Repeat the listing exactly. Do not carry over any pictures.

Source material —
^^^^^^^^^^^^^^^^

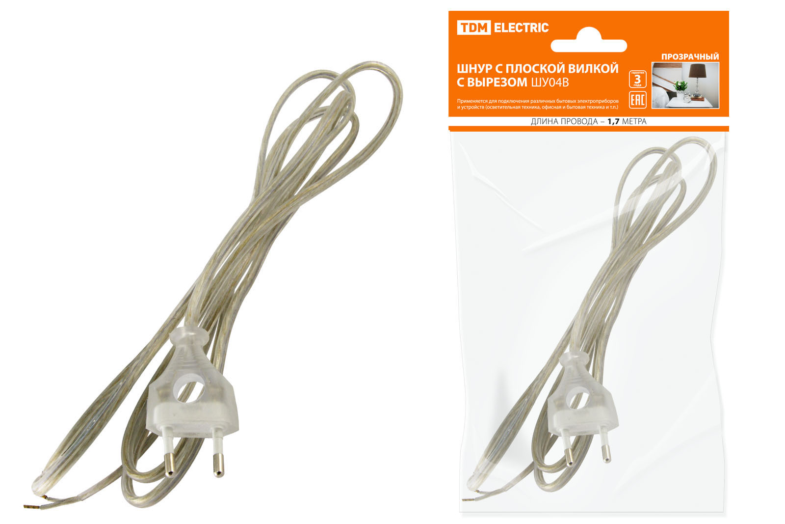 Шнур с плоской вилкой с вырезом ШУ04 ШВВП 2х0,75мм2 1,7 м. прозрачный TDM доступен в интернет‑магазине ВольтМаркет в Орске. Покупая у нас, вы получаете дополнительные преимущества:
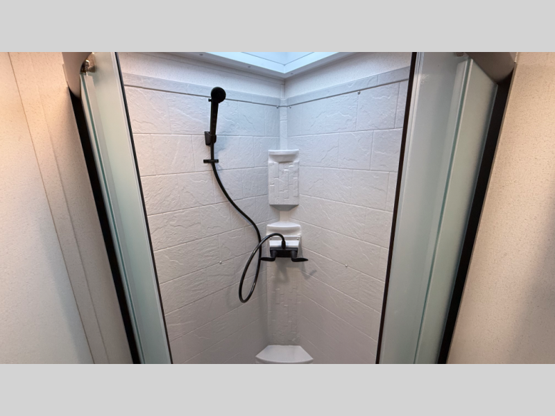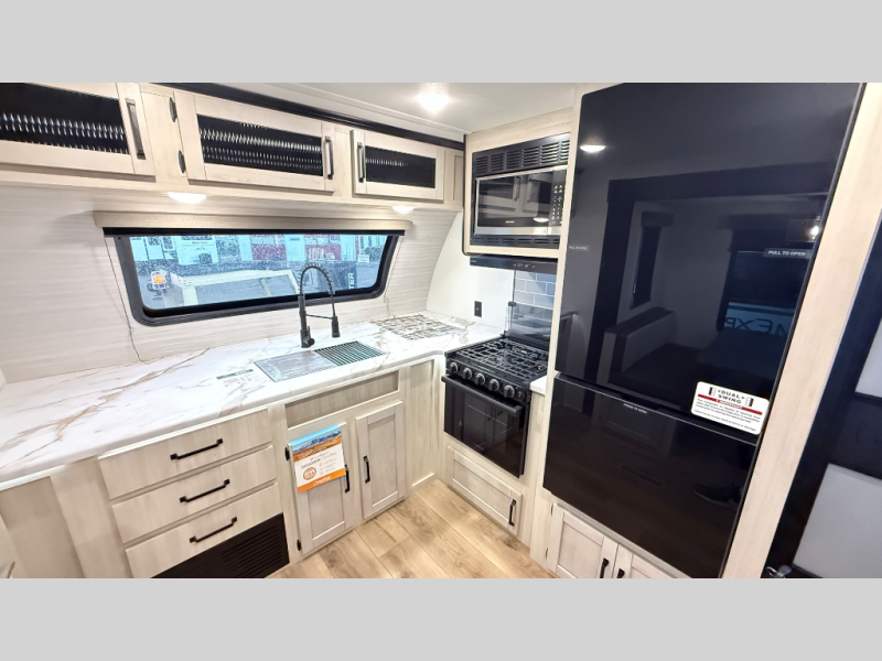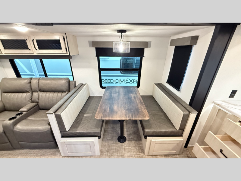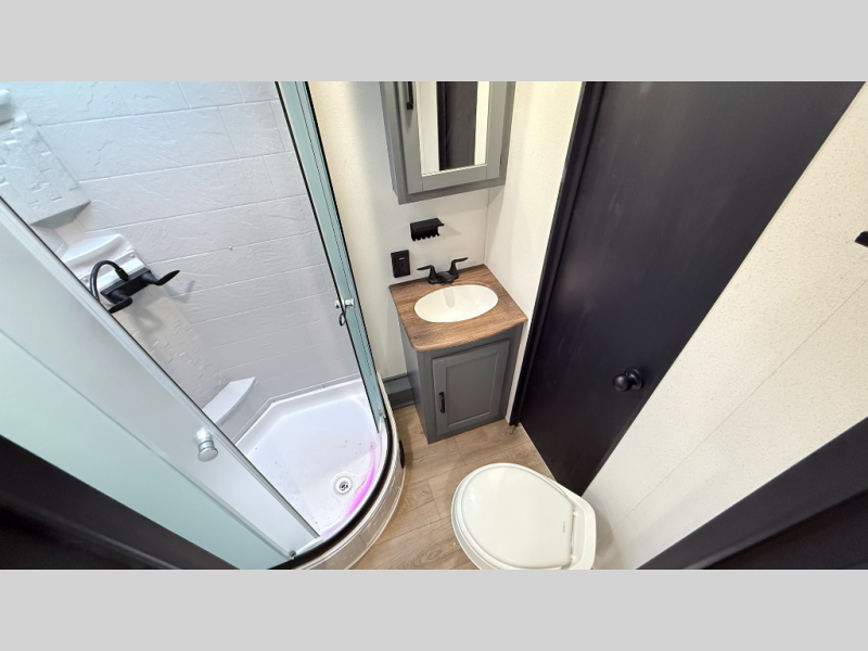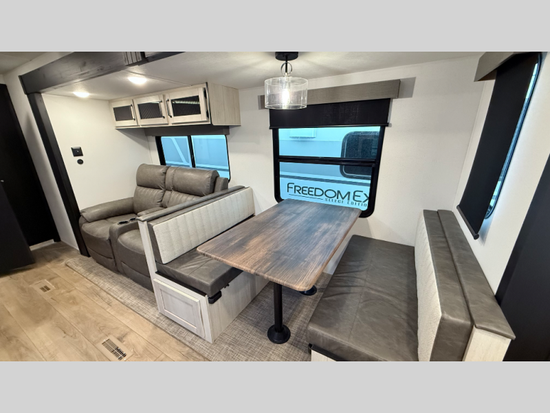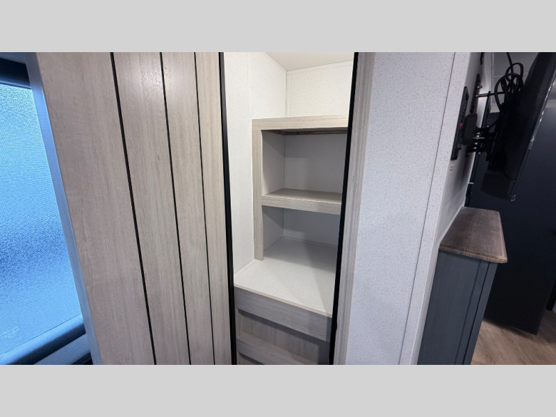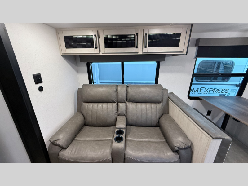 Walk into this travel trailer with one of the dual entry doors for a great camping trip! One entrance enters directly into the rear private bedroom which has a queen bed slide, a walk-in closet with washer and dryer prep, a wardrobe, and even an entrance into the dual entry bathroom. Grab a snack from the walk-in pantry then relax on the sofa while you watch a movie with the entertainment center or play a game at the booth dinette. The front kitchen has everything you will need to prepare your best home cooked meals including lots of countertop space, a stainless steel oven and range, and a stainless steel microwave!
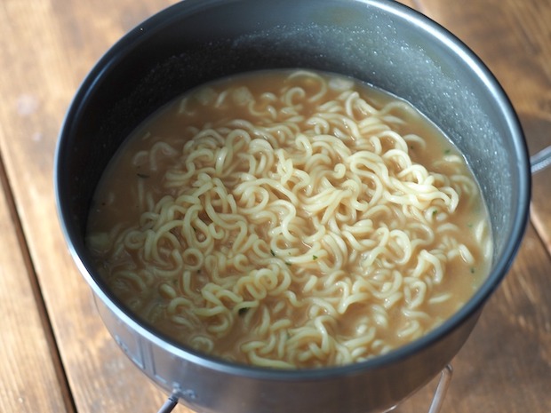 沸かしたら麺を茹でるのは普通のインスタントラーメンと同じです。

^^^^^^^^^^^^^^^^

Exercise response —
 Шнур с плоской вилкой с вырезом ШУ04 ШВВП 2х0,75мм2 1,7 м. прозрачный TDM доступен в интернет‑магазине ВольтМаркет в Орске. Покупая у нас, вы получаете дополнительные преимущества:
 Walk into this travel trailer with one of the dual entry doors for a great camping trip! One entrance enters directly into the rear private bedroom which has a queen bed slide, a walk-in closet with washer and dryer prep, a wardrobe, and even an entrance into the dual entry bathroom. Grab a snack from the walk-in pantry then relax on the sofa while you watch a movie with the entertainment center or play a game at the booth dinette. The front kitchen has everything you will need to prepare your best home cooked meals including lots of countertop space, a stainless steel oven and range, and a stainless steel microwave!
 沸かしたら麺を茹でるのは普通のインスタントラーメンと同じです。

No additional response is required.